What you should do - Your task is to copy the lines from the line containing "O plano de marketing" through the end of the listing below, both included, without any pictures.

Dataset content -
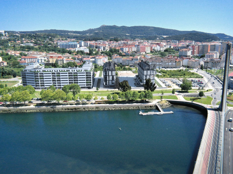 Under construction! A new residential complex is being developed in Pontevedra, featuring 85 units ranging from studio apartments to 1 and 2-bedroom homes, as well as penthouses with terraces. The development comprises two buildings with eight floors each, offering breathtaking views of the nearby estuary.
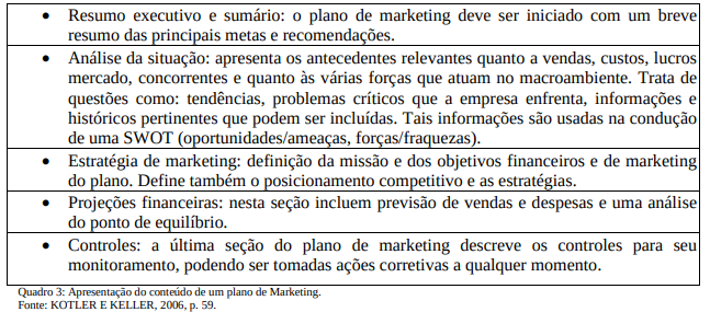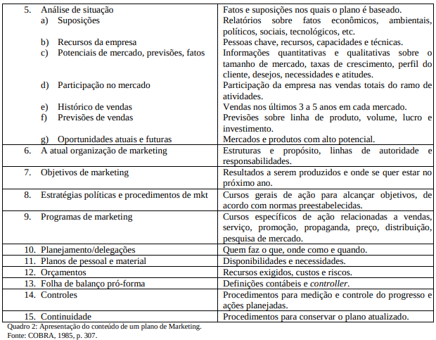 O plano de marketing baseado em Cobra (1985, p. 307), apresenta a seguinte configuração:
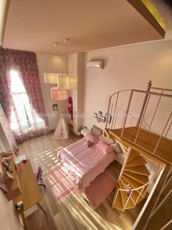 On the ground floor, you’ll find a bright and spacious living room with direct access to the lush garden and private swimming pool, a cozy living space, a fully equipped open kitchen, and a service room. The upper floor offers three suites, including a master suite and two junior suites for added comfort and privacy. The second floor boasts a private cinema room and a large terrace with breathtaking open views. The property also includes a garage with space for up to four vehicles.
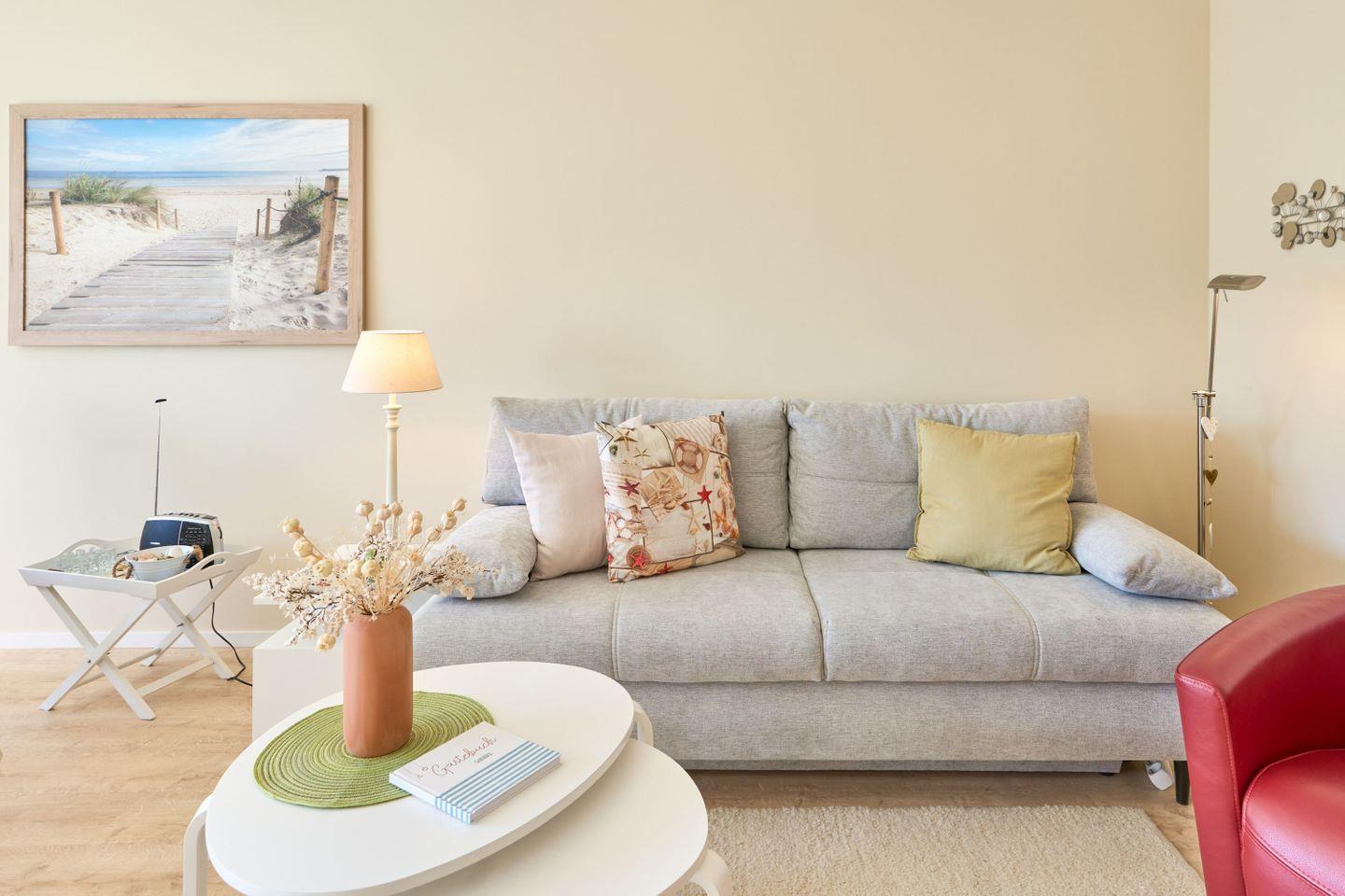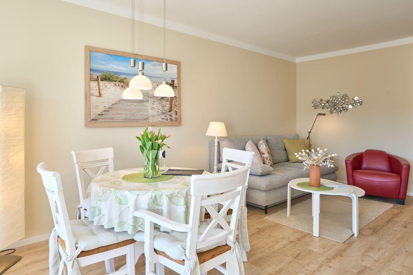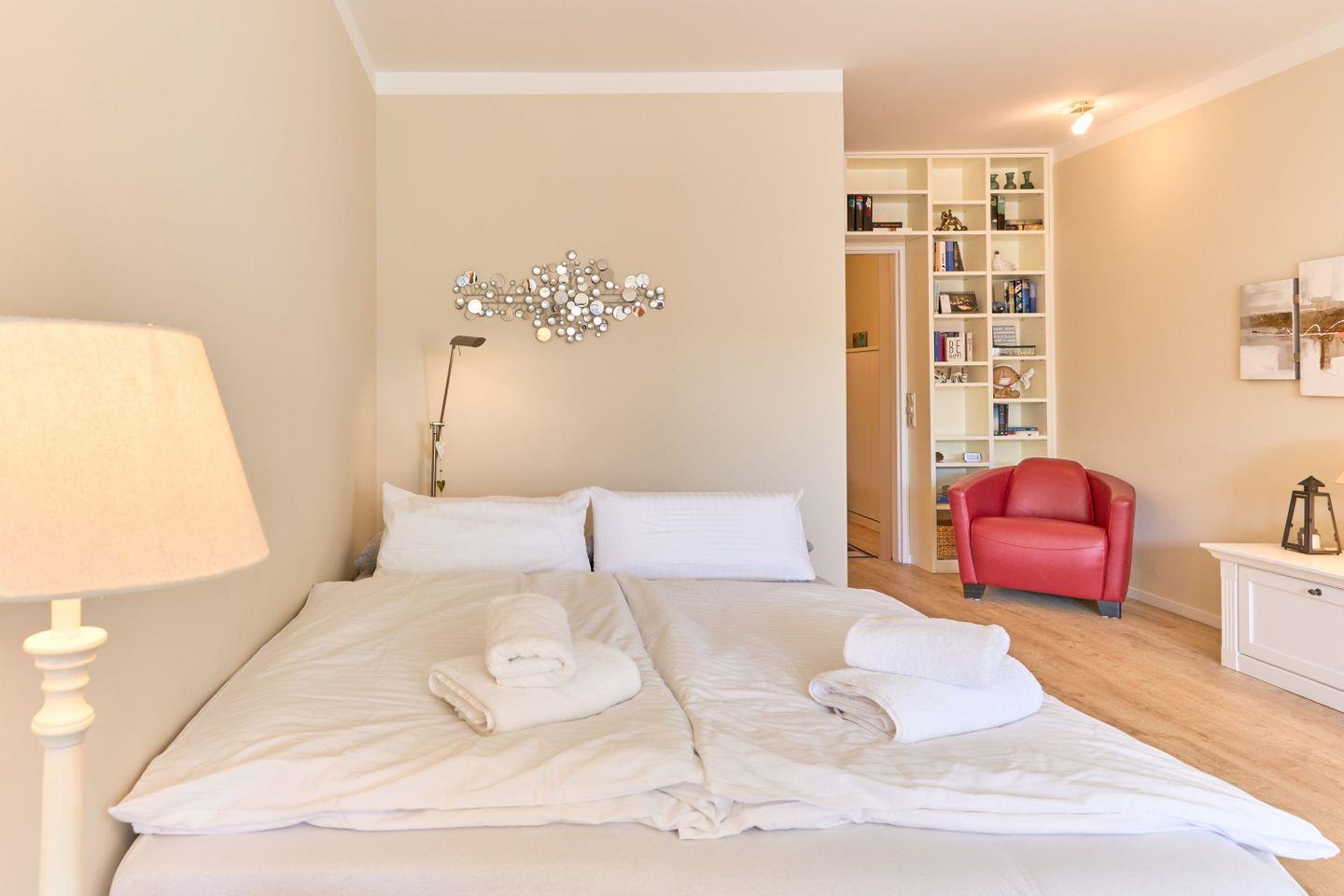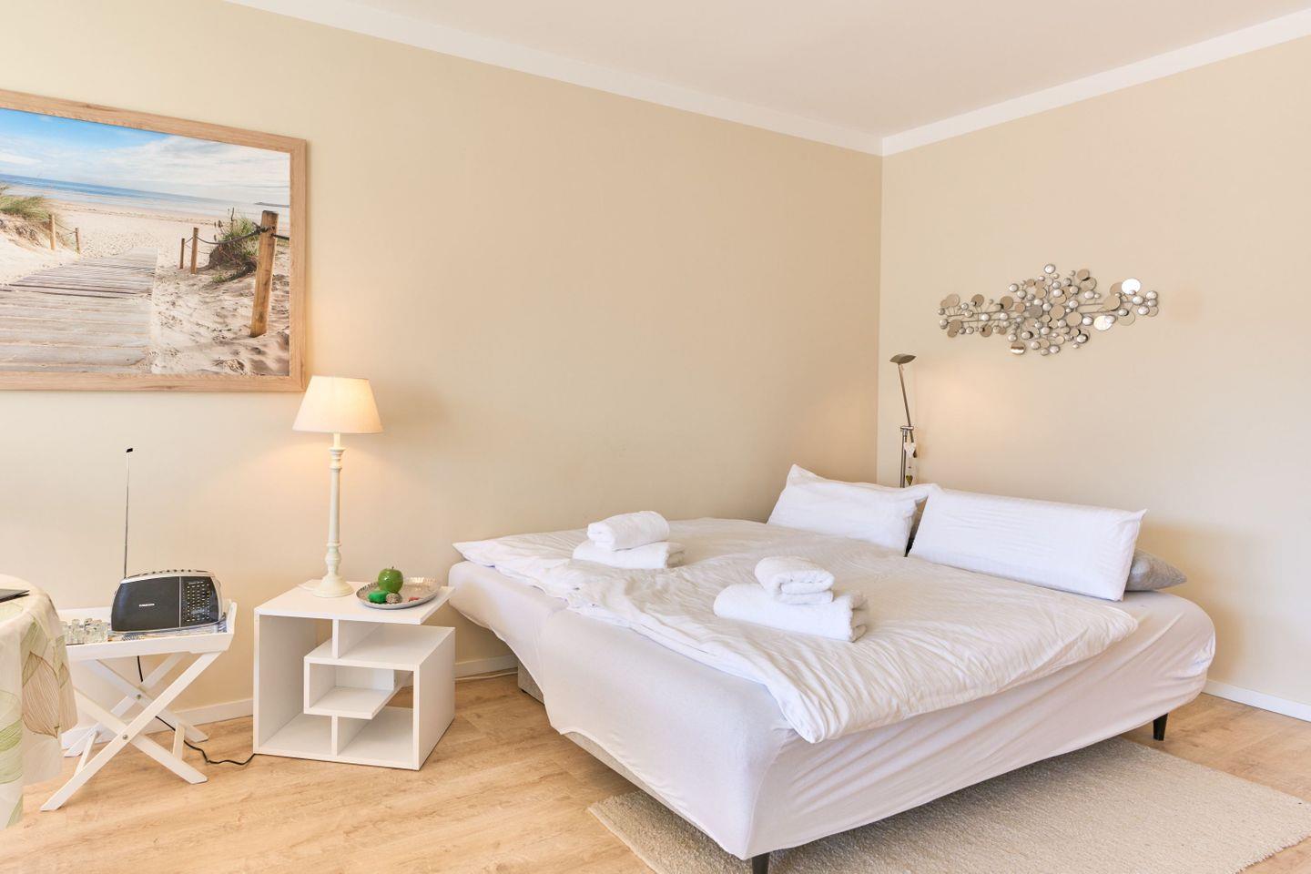 Das 46 qm große 1-Zimmer-Apartment „Sanibel“ liegt im 2.OG in einer gepflegten Wohnanlage und hat einen großen Wohn- und Schlafbereich eine vollständig eingerichtete Küche sowie ein großzügiges Wellness-Bad.

Worked solution -
 O plano de marketing baseado em Cobra (1985, p. 307), apresenta a seguinte configuração:
 On the ground floor, you’ll find a bright and spacious living room with direct access to the lush garden and private swimming pool, a cozy living space, a fully equipped open kitchen, and a service room. The upper floor offers three suites, including a master suite and two junior suites for added comfort and privacy. The second floor boasts a private cinema room and a large terrace with breathtaking open views. The property also includes a garage with space for up to four vehicles.
 Das 46 qm große 1-Zimmer-Apartment „Sanibel“ liegt im 2.OG in einer gepflegten Wohnanlage und hat einen großen Wohn- und Schlafbereich eine vollständig eingerichtete Küche sowie ein großzügiges Wellness-Bad.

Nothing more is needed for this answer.